Порою безумие Элис отступало, и целые недели, даже месяцы она была – или казалась – спокойней. Читала, писала картины или просто смотрела в окно на темный парк “Сан-Суси”. А потом ее ни с того ни с сего вновь охватывала тревога, Элис нервничала, не находила себе места и слонялась по их просторному дому, как будто что потеряла. Гас выучил признаки надвигающейся одержимости: безмятежная улыбка испарялась, краешки губ жены нервно подрагивали, она теряла интерес к книгам, которые прежде читала запоем, и если раньше Элис покрывала свои полотна точными крошечными мазками, то теперь небрежно и широко возила кистью по холсту, потерявшему связь с действительностью, которую Элис пыталась запечатлеть, – казалось, ей перерезали нить между мозгом и кистью.

Гас понимал, что Элис, бедняжка, сама предчувствует надвигавшуюся тревогу. Привычные тихие звуки не успокаивали, а пугали ее до жути. Краем глаза она словно все время видела то, что ее преследует, но стоило ей обернуться, как оно исчезало. Гасу казалось, будто она постепенно вспоминает о том, что лучше бы позабыть. Если он спрашивал, что ее беспокоит, Элис смотрела недоуменно, как будто он обратился к ней по-немецки. Один раз Гас спросил ее: “Кого потеряла, меня?” – а Элис в ответ повторила: “Меня”. И потом Гас гадал, что значат ее слова: она не поняла вопроса или имела в виду, что ищет себя саму? В конце концов ей становилось тесно в четырех стенах, она убегала из дома, и Гасу сообщали, что ее видели в городе – такое чувство, будто везде одновременно, – и что она шокирует всех своим гребаным телефоном.

Вчера Элис заявила, что видела кого-то, кто ее напугал, но когда Гас спросил, кого именно, уставилась на него недоуменно, будто он сам должен это знать.

– Курта? – наобум подсказал Гас.

Чем черт не шутит. Правда, Курт отсутствовал лет десять и, насколько Гас понимал, не имел причин возвращаться. Но Элис покачала головой.

– Курт уехал, – объяснила она: вдруг Гас не заметил его отъезда.

Кто знает? Может, она имела в виду Реймера. Это же он поутру нашел ее в парке и привез домой. Обычно она узнавала его, мужа своей подруги Бекки, и понимала, что он не опасен и ничем ей не угрожает, но Элис порою боялась людей в форме, а Реймер был как раз в парадном облачении, так что, возможно, она его не узнала.
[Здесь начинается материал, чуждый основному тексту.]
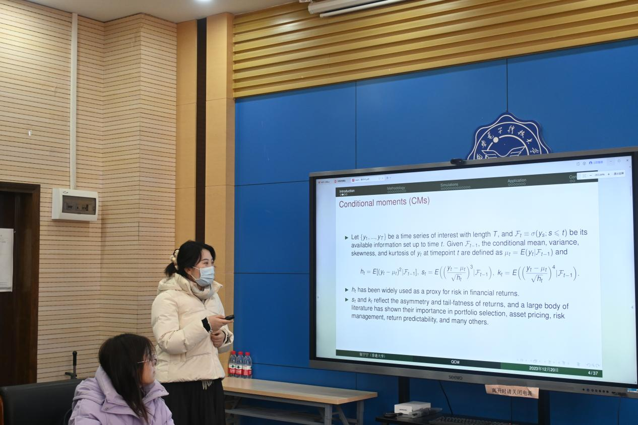 随后,三名青年学者就其研究领域前沿问题、研究成果作学术交流报告。与会学者与教师代表对报告中的相关内容进行了探讨,并就相关研究领域的研究成果进行了分享,为以后深入合作打下了基础。学科发展与服务中心主任就公司管理科学与工程博士后流动站相关情况进行了介绍,主要对博士后进站、晋升、出站条件等予以解释,希望借此机会加强学者的加入意愿,壮大公司的团队队伍。报告现场氛围热烈、交流融洽。
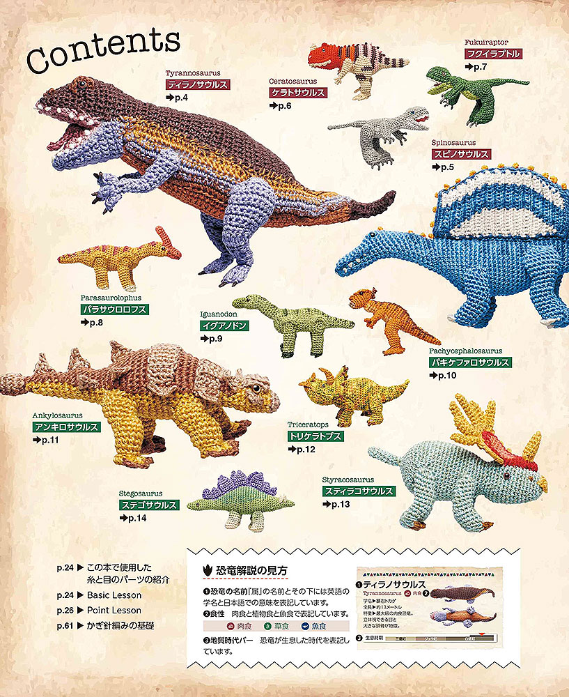 かぎ針編み 刺しゅう糸で編む ミニチュア恐竜図鑑
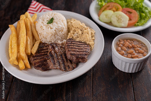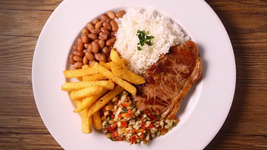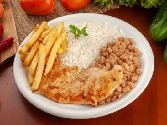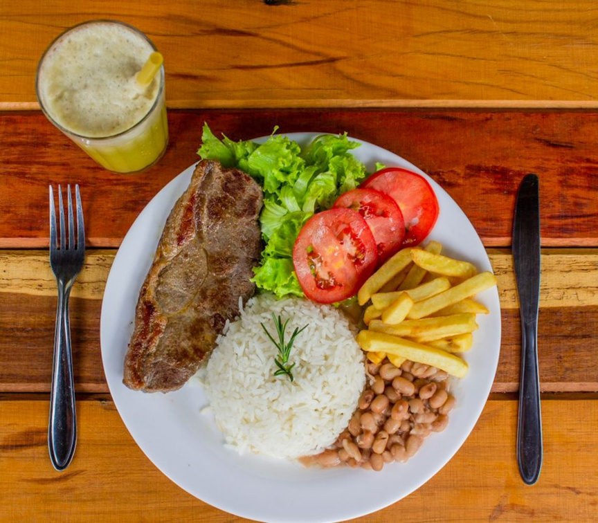 Acompanha arroz, feijão, fritas, farofa, vinagrete e molho da casa

Эта жуткая история с телефоном страшила Гаса больше всего. Элис теперь повсюду таскала с собой телефон, словно он связывал ее с чем-то таким же жизненно необходимым, как следующий вдох. Иногда в разгар спокойного ужина, услышав “звонок”, Элис поднималась, доставала из сумки телефон и снимала трубку. Она вроде и помнила давнее правило – никаких звонков за столом, – а потому тихим голосом отвечала: “Я сейчас не могу разговаривать” – и убирала телефон в сумку. В другой раз Элис терпеливо выслушивала воображаемого собеседника, и на глаза ее наворачивались слезы. “Боже мой, – произносила она, – значит, все еще хуже, чем мы полагали”. Гас гадал, не его ли они обсуждают. “Он не знает, – шептала Элис, умолкала и слушала. – Ну разумеется, он имеет на это право, но что, если это его погубит?” Порой ее реплики оказывались до того любопытны, что Гас невольно заслушивался, готовый поверить, что на том конце провода кто-то есть, и очень хотел узнать, что же сказал собеседник Элис. Все это настолько его смущало, что он уже был готов отобрать у нее телефон.

Теперь же, судя по всему, неминуемый кризис приближался, и вскоре они узнают, чем кончится. Иногда – бог знает почему – внутреннее смятение Элис улетучивалось и она возвращалась к мольберту, к своим кистям, к спокойной синей, зеленой и желтой палитре, но, вероятно, все опять, как бывало не раз, покатится под откос и окончится в Ютике, в психиатрической больнице штата. Больше всего Гас ненавидел ждать. Все равно что ухаживать за заболевшим ребенком, наблюдать, как опасно повышается температура, молиться, чтобы она упала, бояться, что не упадет, и знать, что ты бессилен что-либо сделать.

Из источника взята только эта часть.